J’ai dû me prémunir contre mes propres préjugés
Je suis marocain, arabe et musulman. J’ai grandi au Maroc, j’y ai vécu jusqu’à l’âge de 23 ans avant de le quitter pour la première fois et de découvrir l’Europe. Depuis le 11 Septembre, je suis choqué par la manière dont les médias parlent de nous. Cette image stigmatisante, tronquée, m’insupportait au fil des années. «Les Mécréants» est donc pour moi une sorte de réaction, motivée par une envie de répondre, de proposer un autre point de vue.
Quant à l’intégrisme religieux, il faut rappeler que c’est un fléau dont on est les premiers à payer le prix, et ce, depuis fort longtemps. Il me paraissait donc urgent d’en parler. Certes, la chose est osée, voire risquée dans le cadre d’un premier film, mais je suis de nature à aimer les défis. J’ajouterai que défendre des idées auxquelles on croit profondément s’avère être souvent un puissant moteur pour surmonter les difficultés.
Craigniez-vous, durant le processus de création, de tomber dans le manichéisme cher à Hollywood (Les méchants intégristes contre les gentils humanistes) ? Comment évite-t-on la caricature grossière lorsqu’on aborde ce sujet ?
En ce qui me concerne, et ce, depuis le début de l’écriture, ce qui m’intéresse le plus est le côté humain de chacun des personnages, d’un côté comme de l’autre. À mon sens, le «gentil» et «le méchant» n’existent pas séparément, l’un n’annule pas l’autre, ces aspects cohabitent plutôt dans la même personne. Le vécu de chacun de nous, les circonstances de la vie font surgir davantage l’un ou l’autre de manière ponctuelle ou en tout cas réversible dans le temps.
Pendant l’étape d’écriture, j’ai essayé autant que j’ai pu de me remettre en question, de revoir mes propres préjugés. Le film se positionne contre les préjugés, il me fallait donc me prémunir contre les miens. Les «religieux» ont, certes, des idées préconçues sur nous mais nous leur renvoyons la balle aussi. Il ne faut pas oublier que «Les Mécréants» est un film qui traite avant tout des certitudes. L’extrémisme religieux n’est qu’un exemple parmi d’autres. Sur la page de garde de mon scénario j’avais noté cette magnifique phrase de Nietzsche : «Ce n’est pas le doute qui rend fou, c’est la certitude !»
Quelle est, selon vous, la façon la plus pertinente d’endiguer le fanatisme ?

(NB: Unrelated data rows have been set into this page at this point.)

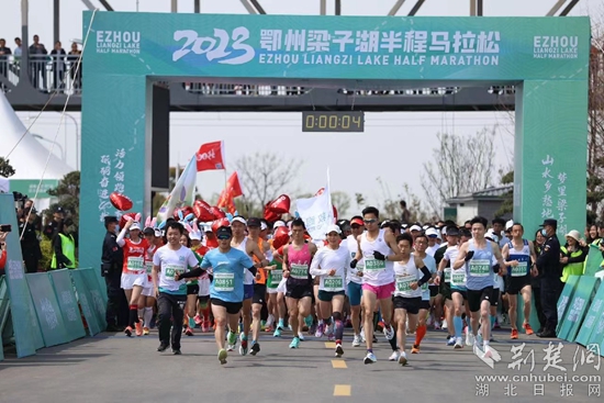 2023鄂州梁子湖半程馬拉松開跑時(shí)刻。通訊員 供圖
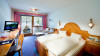Zimmer: Die gemütlich eingerichteten Zimmer verfügen über Bad oder Dusche/WC, Föhn, Bademantel, Telefon, Sat-TV, Safe, kostenfreier WLAN-Internetverbindung sowie teilweise Balkon. Per Aufzug sind Zimmer bis in die zweite Etage erreichbar.
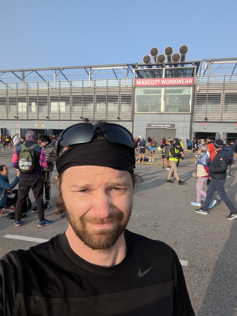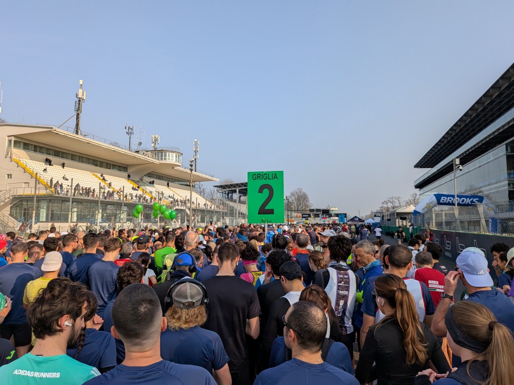 After a light warm-up, I found my place in the starting huddle. I’m not a devoted F1 follower, but standing on the starting grid at Monza, even in running shoes and surrounded by 7,000 other runners, carried a weight that was hard to ignore. There’s a history baked into that place. You feel it.
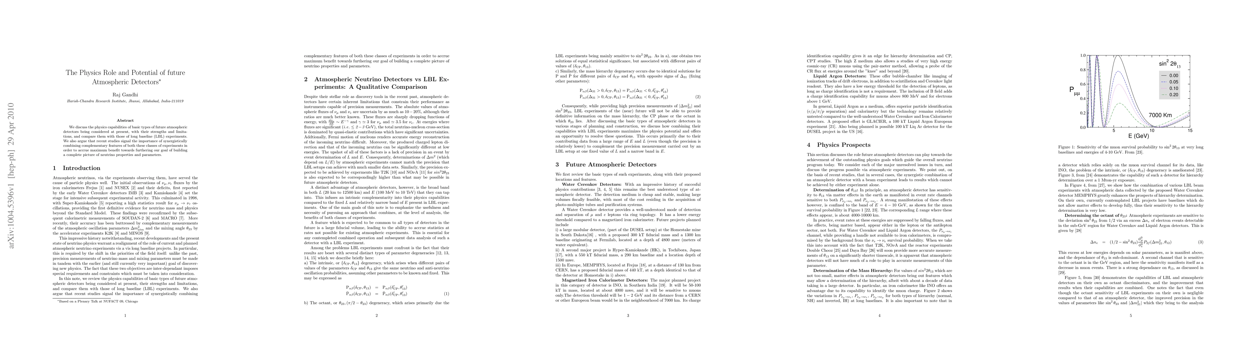 This paper evaluates the potential physics capabilities of future atmospheric detectors, highlighting their strengths and limitations compared to long baseline experiments, and advocates for a synergistic approach combining both types to maximize insights into neutrino properties.
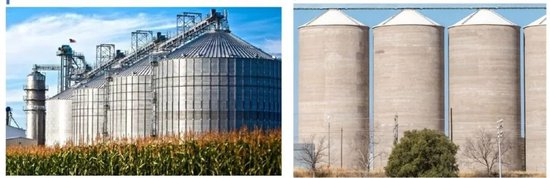 金属筒仓:由光滑或波纹钢板制成,成批生产,安装在混凝土地基上。筒仓底部可以是平底的,用于长期储存,因为其能保持谷物的完好和品质。也可以是高架的,多用于短期接收谷物,或者用于谷物的干燥。
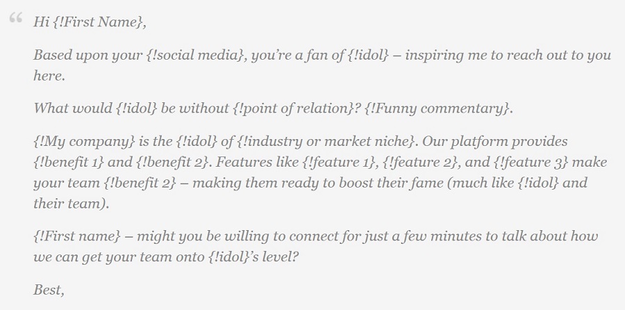 By using the above email template, you’ll be messaging everyone using their favorite artists or celebrities as a way of starting conversations with them.

Je serais prétentieux de penser avoir la solution, ceci n’est pas mon travail, néanmoins, j’ai le sentiment que l’éducation est une arme nécessaire mais pas suffisante. Les conditions de vie et d’autres paramètres sont à étudier de près aussi. Cela dit, je pense que la violence n’est pas la solution, je dirais même qu’elle produit l’effet inverse, il n’y a qu’à voir l’exemple de l’Irak, l’Afghanistan, etc. Il nous faut une réflexion de fond et une vraie remise en question de nos politiques, car il s’agit avant tout d’un fléau qui menace ce qu’on a de plus cher, à savoir nos enfants.